その結果、一ヵ月もしない内に実力のある冒険者達が集まっていた。
「バーン王国の≪湯を愛する者達≫に連合国の≪行商組合≫、帝国の≪熊狩≫も来ている。お、これは教国の守護騎士見習いの一団だね、訓練にでも来たのかな?」
エリちゃんが楽しそうに書類を見ている。新たな迷宮はそれだけで金の生る木だ。内部のゴタゴタで金欠気味の冒険者ギルドとしてもうれしい悲鳴のようだ。
「周辺のギルドから人員も助っ人が来たし、後はこいつらをどうやってここに留めておくかだね」
「そんなに人手不足なのか?」
「最低でも文字の読み書きと簡単な算術が出来ないとギルドの仕事は出来ないからね」
「出来ないのが多いのか?」
俺もこの世界に来て先生のおかげで読み書きはある程度出来るようになった。アリスは大森林の村出身で狩人やっていたらしいので義務教育くらいはあるのだろうと思っていたが違うのだろうか。
「子供に教育をしているのなんて貴族と商人、後は一部の市民だけだね」
「学園は無いのか?」
「高くて誰しも入れるわけじゃないよ」
孤児院でも勉学の時間はあったはずだが。
「アレはお姉ちゃんが自主的にやっている事よ。どこの教会でもやっている事じゃないわ」
とクレアが補足する。もしかしてだけどこの世界教育レベル低いのか?
「そんなこんなで学がある住人は将来の仕事が決まっている連中が殆どなんだよね」
「だから補充員を捕まえる必要があるのか」
「王都の冒険者ギルドには冒険者やギルド員の養成所もあるって聞くし、やっぱりお金のある所は違うなあ」
「今回の迷宮で大分金が潤うんじゃないのか?」
「そんなの殆ど税金と負債で持っていかれるよ」
「ただの迷宮ならそうかもだけど竜種の迷宮だぜ?」
「じゃあうちの管轄内に緑竜の迷宮があるのに何で懐が寂しいのかな?」
「……もしかして、竜種だけじゃ金にならないのか?」
「一応あそこが一番収益は良いけど他の竜種とでは雲泥の差だよ。理由としては竜種に会えないというのがある」
「竜種に会える?」
世界中にある迷宮の中でも竜種の迷宮は別格に難しいという分けではないのか?
「竜種の迷宮は今の所4つ、緑竜の『風切りの洞穴』、赤竜の『赤竜火山』、青竜の『海上神殿』そして黄竜の『砂場の城』だ、その中で竜種に会えないのは緑竜だけだ」
思ったより会える、むしろシルフィードが少数派だった。
「他の竜種は会えるし何なら鱗程度なら簡単な試練で分け与えてくれるんだ」
確かに赤竜の時も体験ツアーみたいな試練で鱗を貰っていた(正確には眷属の竜人だが)な、もしかして青と黄も似たような感じなのか。

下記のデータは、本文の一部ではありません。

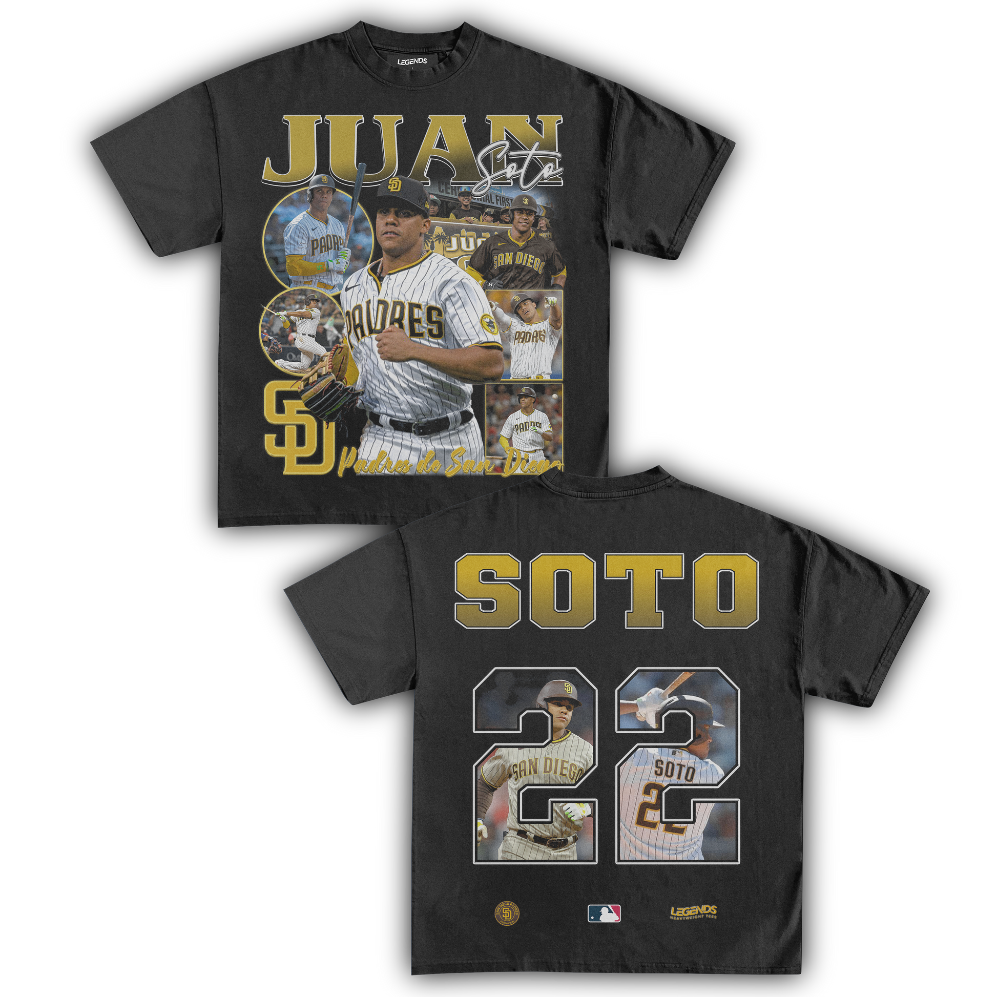Made from that tough-as-nails fabric that'll stand the test of time, just like Soto's legacy in the game. This ain't no ordinary t-shirt, fam. It's the symbol of elevated street style, and you better believe it'll turn heads.

「青竜は魔物が凄い強いけど倒せないわけじゃない。それに最深部に行けば青竜が無償で鱗を分け与えてくれるらしい。黄に関しても最深部に到達すれば鱗をくれると聞いたことがある」
竜種の素材はそれだけで希少だ。武器や防具にすればそこらの魔鉄では太刀打ちできない性能になるし売れば金になる。

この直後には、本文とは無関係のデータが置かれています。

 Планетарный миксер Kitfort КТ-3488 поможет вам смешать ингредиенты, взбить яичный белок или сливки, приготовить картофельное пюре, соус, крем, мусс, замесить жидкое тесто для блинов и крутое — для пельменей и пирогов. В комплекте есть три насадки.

「そう考えると竜種に会えない緑竜の迷宮は旨味が少ないのか」
「そういう事、今回の黒竜だって収益としては最終的にシルフィの迷宮と同じくらいになるだろうね。それでも一番稼ぎのある迷宮がもう一つできるのには分かりないから多少はマシになるとは思っているよ」
「あらあらリーザったら、そんな事考えていたのね」
「その声は……シルフィ?!」
後ろを向けば『風切りの洞穴』の主、緑竜のシルフィードが立っていた。
「ごめんなさいねリーザ、今度からは貴女の為に私、身体を売るわ」
「ち、違うんだよシルフィ!決して君にそういう事をしてほしい訳じゃないんだ!」
「でも稼ぎが他の竜種より悪いって……」
「それとこれとじゃ……」
なんか痴話喧嘩始まったし、さっさと迷宮に向かおう。今日は集まった精鋭の冒険者達で大規模攻略が行われる日だ。一週間程長期で探索して迷宮の情報を集めるのが目的だ。1層目はあまり変わっていないので今回は2層目の地図化と次の階層への階段探しになる。

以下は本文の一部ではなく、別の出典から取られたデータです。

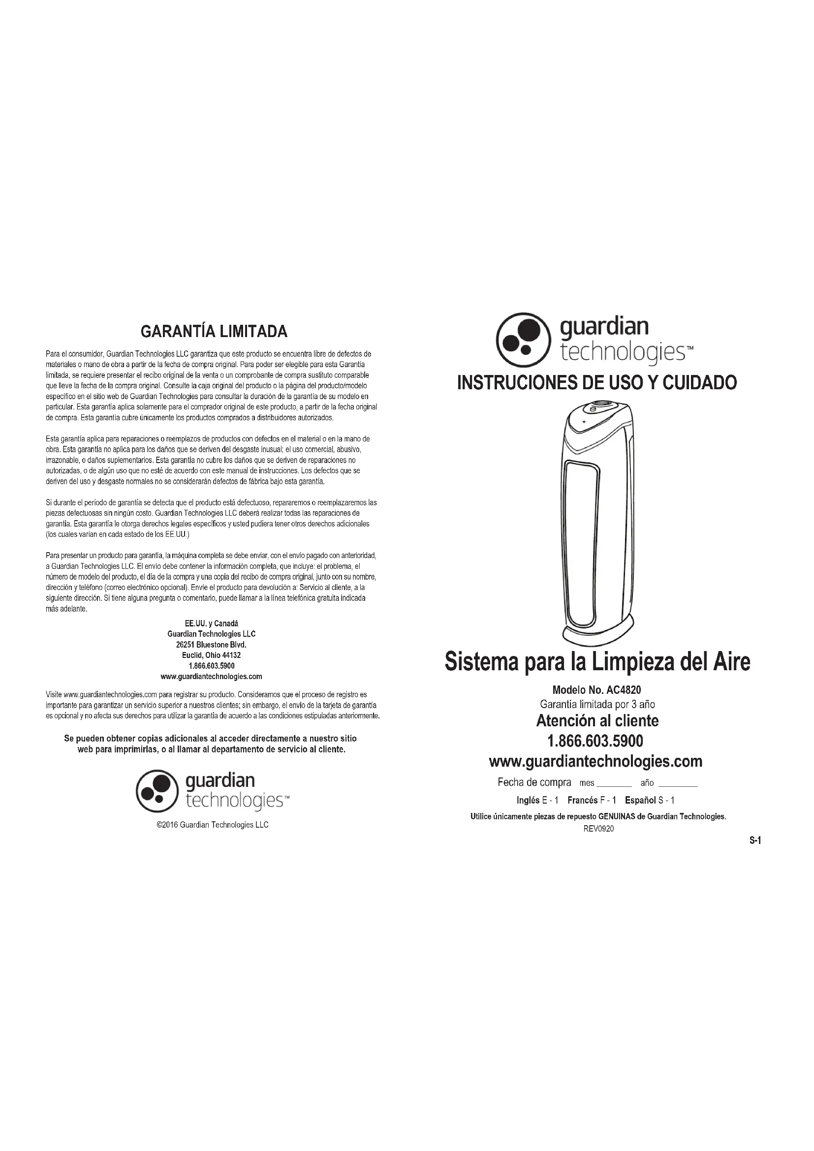 Vérifiez que l’appareil est branché. Vérifiez que le filtre est bien en place. Confirmez que le filtre de rechange est un filtre authentique la clientèle. PROBLÈME L’appareil ne fonctionne pas. SOLUTION L’appareil s’éteint intempestivement. Véri ez que l’appareil est branché à une prise de courant functionnelle. Véri ez que le ltre HEPA est bien en place. Véri ez que le couvercle arrière est bien verrouillé. Veuillez communiquer avec le service à la clientèle. Il n’y pas de circulation d’air. Débranchez l’appareil. Véri ez le pré ltre/ ltre au charbon et le filtre HEPA. Nettoyez le pré ltre/ ltre au charbon au besoin. Remplacez le ltre HEPA au besoin. Augmentation du niveau de bruit. L’indicateur marche/arrêt clignote rouge. Assurez-vous que les ltres sont propres. Remplacez-les au besoin. Remplacez le ltre et réinitialisez le système. Reportez-vous au site Web pour chaque modèle de numéros CADR Débit d’air pur Comparez les performances des différents purificateurs d’air à l’aide du CADR. Premièrement, repérez la superficie de la pièce suggérée. Puis, consultez les données CADR. Plus la valeur est élevée, plus l’appareil filtre rapidement l’air. Qu’est-ce que le CADR? CADR est l’acronyme de Clean Air Delivery Rate, soit le volume d’air filtré produit par unpurificateur d’air. Le classement CADR indique l’efficacité d’un purificateur d’air dans sa filtration des particules fines, telles que la fumée de tabac et les pollens de plantes, dans une pièce.GARANTÍA LIMITADA Se pueden obtener copias adicionales al acceder directamente a nuestro sitio web para imprimirlas, o al llamar al departamento de servicio al cliente.©2016 Guardian Technologies LLCPara el consumidor, Guardian Technologies LLC garantiza que este producto se encuentra libre de defectos de materiales o mano de obra a partir de la fecha de compra original. Para poder ser elegible para esta Garantía limitada, se requiere presentar el recibo original de la venta o un comprobante de compra sustituto comparable que lleve la fecha de la compra original. Consulte la caja original del producto o la página del producto/modelo específico en el sitio web de Guardian Technologies para consultar la duración de la garantía de su modelo en particular. Esta garantía aplica solamente para el comprador original de este producto, a partir de la fecha original de compra. Esta garantía cubre únicamente los productos comprados a distribuidores autorizados.Esta garantía aplica para reparaciones o reemplazos de productos con defectos en el material o en la mano de obra. Esta garantía no aplica para los daños que se deriven del desgaste inusual; el uso comercial, abusivo, irrazonable, o daños suplementarios. Esta garantía no cubre los daños que se deriven de reparaciones no autorizadas, o de algún uso que no esté de acuerdo con este manual de instrucciones. Los defectos que se deriven del uso y desgaste normales no se considerarán defectos de fábrica bajo esta garantía.Si durante el período de garantía se detecta que el producto está defectuoso, repararemos o reemplazaremos las piezas defectuosas sin ningún costo. Guardian Technologies LLC deberá realizar todas las reparaciones de garantía. Esta garantía le otorga derechos legales específicos y usted pudiera tener otros derechos adicionales (los cuales varían en cada estado de los EE.UU.)Para presentar un producto para garantía, la máquina completa se debe enviar, con el envío pagado con anterioridad, a Guardian Technologies LLC. El envío debe contener la información completa, que incluye: el problema, el número de modelo del producto, el día de la compra y una copia del recibo de compra original, junto con su nombre, dirección y teléfono (correo electrónico opcional). Envíe el producto para devolución a: Servicio al cliente, a la siguiente dirección. Si tiene alguna pregunta o comentario, puede llamar a la línea telefónica gratuita indicada más adelante. EE.UU. y CanadáGuardian Technologies LLC26251 Bluestone Blvd.Euclid, Ohio 441321.866.603.5900www.guardiantechnologies.comVisite www.guardiantechnologies.com para registrar su producto. Consideramos que el proceso de registro es importante para garantizar un servicio superior a nuestros clientes; sin embargo, el envío de la tarjeta de garantía es opcional y no afecta sus derechos para utilizar la garantía de acuerdo a las condiciones estipuladas anteriormente. Sistema para la Limpieza del Aire

今回の主催も《鋼の肉体》の面々が執り行うらしい。上級ランクの冒険者同士だからなのか前回の様なゴタゴタも無くすんなりと迷宮に潜っていった。
「今回のトップバッターを務める『迅雷』だ。先ほど話した通り1層は殆ど転換前から変わっていないので一気に階層主まで向かう、付いて来てくれ」
俺達の宣言と同時に大規模攻略が始まった。